If we go with the approach of having the backlog of the Improve Tone Suggested Edit be generated by the ML team, then those backlog items will contain the plain text of the paragraphed as produced by mwparserfromhell and mwedittypes. With that plaintext we need to find the ve.Range corresponding to the paragraph in the Visual Editor session.
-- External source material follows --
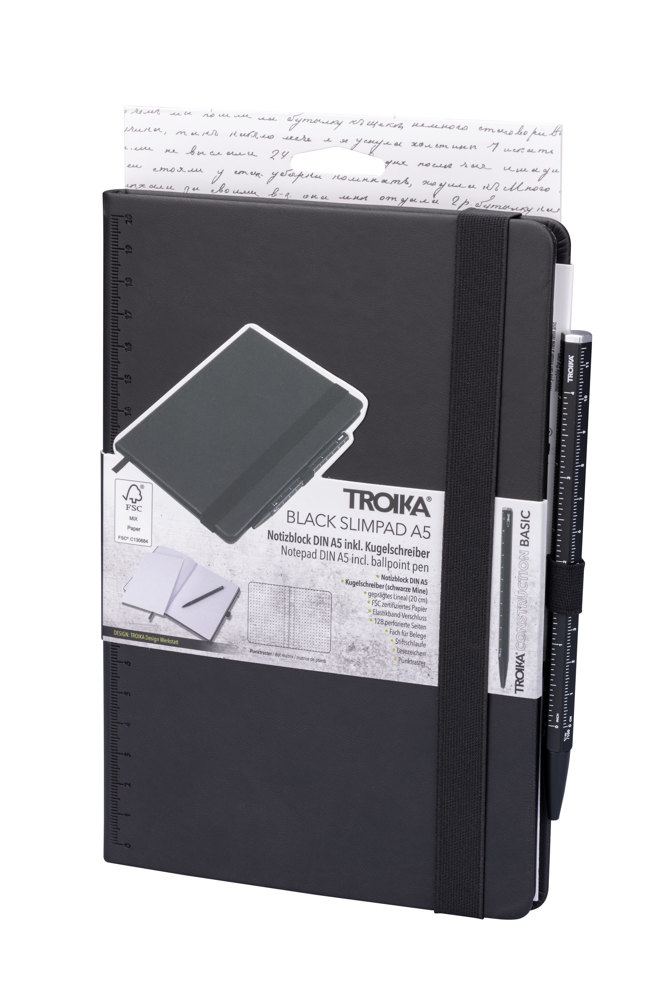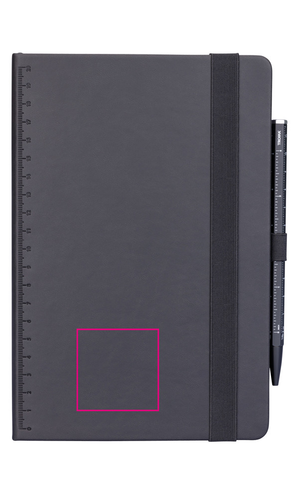 Notizblock DIN A5 inkl. Kugelschreiber, schwarzem Elastikband-Verschluss, Stiftschlaufe, Lesezeichen, geprägtes Lineal (20 cm) auf Cover, FSC zertifiziertes Papier, 64 perforierte Blätter (128 Seiten), mit schwarz eingefärbten Seitenrändern, Punktraster, Fach für Belege, Kugelschreiber CONSTRUCTION BASIC (schwarze D1 Mine), Kunstleder, Metall, matt, schwarz
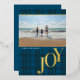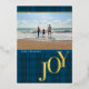 Share JOY with family and friends with this plaid single photo holiday photo card. It features a traditional plaid background and a modern typographic JOY greeting in real foil. Customize real gold foil, silver foil or rose gold foil. Personalize this flat card with your custom name, year, and custom horizontal photo on the front. Choose between a wide array of paper types. Select the rectangular shaped 5" x 7" card or add a dye cut border shape. Matching items are available. Perfect for your fall, autumn, country Christmas or holiday card.

This task is about coming up with an initial heuristic for doing that.
Example:
Plain text of the first paragraph of the article about Wisconsin as used in the model:
Wisconsin ( ) is a state in the Upper Midwest and Great Lakes regions of the United States. It borders Minnesota to the west, Iowa to the southwest, Illinois to the south, Lake Michigan to the east, Michigan to the northeast, and Lake Superior to the north. With a population of about 6 million and an area of about 65,500 square miles, Wisconsin is the 20th-largest state by population and the 23rd-largest by area. It has 72 counties. The state's most populous city is Milwaukee. Its capital and second-most populous city is Madison; other urban areas include Green Bay and the Fox Cities.
and as available in VE:
Wisconsin (/wɪˈskɒnsɪn/ ⓘ wih-SKON-sin)[12] is a state in the Upper Midwest and Great Lakes regions of the United States. It borders Minnesota to the west, Iowa to the southwest, Illinois to the south, Lake Michigan to the east, Michigan to the northeast, and Lake Superior to the north. With a population of about 6 million[9] and an area of about 65,500 square miles, Wisconsin is the 20th-largest state by population and the 23rd-largest by area. It has 72 counties. The state's most populous city is Milwaukee. Its capital and second-most populous city is Madison; other urban areas include Green Bay and the Fox Cities.